Rethinking drug safety signal detection and causality assessment in the age of AI: the risks of incomplete data and biased insights

Chhikara, Priyanka; Hammad, Tarek A.

doi:10.3389/fdsfr.2025.1678074

OPINION article

Front. Drug Saf. Regul., 16 September 2025

Sec. Advanced Methods in Pharmacovigilance and Pharmacoepidemiology

Volume 5 - 2025 | https://doi.org/10.3389/fdsfr.2025.1678074

Rethinking drug safety signal detection and causality assessment in the age of AI: the risks of incomplete data and biased insights

Priyanka Chhikara¹*

Tarek A. Hammad²

¹Global Safety Science, Global Safety and Pharmacovigilance, CSL Behring, King of Prussia, PA, United States
²Medical Safety of Marketed Products Development and Plasma-Derived Therapies, Patient Safety and Pharmacovigilance, Takeda Development Center Americas, Inc., Cambridge, MA, United States

Introduction

Artificial Intelligence (AI) is a term used for systems that can perform humanlike cognitive functions like learning, perception, interpretation and problem solving. AI systems learn and improve by analyzing large datasets, and they are powered by algorithms, computing power, and specialized hardware. However, introduction of AI in healthcare comes with its own biases and disparities. There is emerging evidence that the Artificial Intelligence (AI) models do not transcend bias–in fact they learn to inherit it. The models seem to accept missing data and its structural inequities to shape what they see–rather what they do not see. In the world of signal detection and assessment, such data inadequacies can pose much more than a simple technical flaw. This paper investigates the challenges and implications of adopting AI when its promise is matched by its shortcomings.

There is emerging evidence that these systems may not only reflect clinical knowledge but also reproduce or even amplify societal biases when generating medical recommendations. The recent study by Omar et al. (2025) provides an evaluation of sociodemographic biases in clinical recommendations generated Artificial Intelligence (AI) tools. By analyzing over 1.7 million outputs across nine models using standardized emergency department cases, the authors identified consistent and clinically unjustified differences in model recommendations based solely on patient sociodemographic characteristics. For instance, cases labeled as Black or unhoused were more likely to receive recommendations for urgent care, mental health referrals, or invasive interventions—despite identical clinical presentations. These disparities raise concerns that AI tools, when trained on historically biased healthcare data, may perpetuate or even amplify existing imperfections in the data. What went wrong is not rooted in malicious algorithms or ill intent.
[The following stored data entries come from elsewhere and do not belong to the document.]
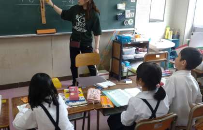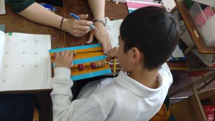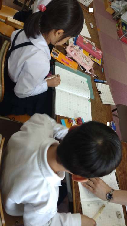 なかよし学級で算数の学習に取り組んでいます。2ケタ+2ケタの繰り上がりのあるひっ算の課題を解決しています。
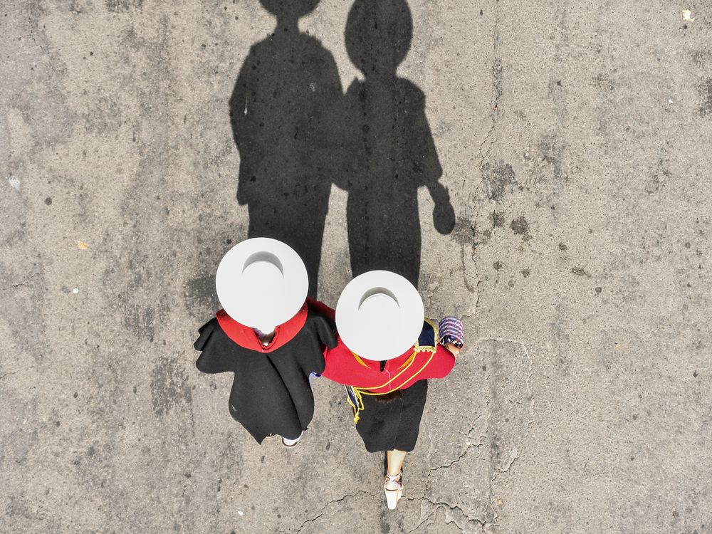 The Ñustas (princesses) are young women from Salasaka—an indigenous community in the Ecuadorian Andes—who commit to preserving their ancestral knowledge, becoming an active link between humanity’s natural past and sustainable future. Here, one of the 2025 candidates walks towards the main event, Inti Raymi, with her Caballero (gentleman) and the sun of the summer solstice high above.
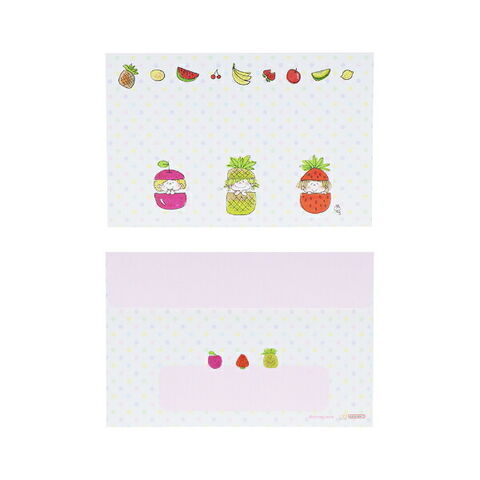 水森亜土のレトロかわいいレターセットです。デザインいっぱいで毎日違う絵柄を楽しめます☆フルーツいっぱいのデザインに心ときめくシリーズです♪亜土ちゃん好きの方にはたまらない~!ぜひ同じシリーズの文具を揃えてみてください☆【サイズ】封筒:9.5cm×14.5cm、便箋:9cm×13.5cm

This phenomenon highlights a core principle regarding AI tools: model outputs inherently reflect the structure and biases of, and gaps in, the data used to train them (Rejeleene et al., 2024).

Another interesting study mentioned that the data sources used to develop clinical AI models were affiliated with high income countries or with specific regions. Over half of the databases used to train models came from either the U.S. or China (Celi et al., 2022). Repeatedly feeding models with data that lack diversity i.e. poorly - represented populations and often curated from restricted clinical settings, can severely limit the generalizability of results and yield biased AI-based decisions (Futoma, et al., 2020).

Other studies show a number of socio-cultural factors that affect patient behaviors and decisions making, contribute towards non-compliance to drugs, and eventually health outcomes (Oates et al., 2020). Of these factors, cultural and religious beliefs are one of the most recognized (Leporini et al., 2014). For example, a study based on review of empirical articles (Brown et al., 2022), highlighted how the cultural and religious beliefs of Jamaicans about pharmacotherapy could be a significant contributor to poor adherence rates in patient living with non-communicable diseases.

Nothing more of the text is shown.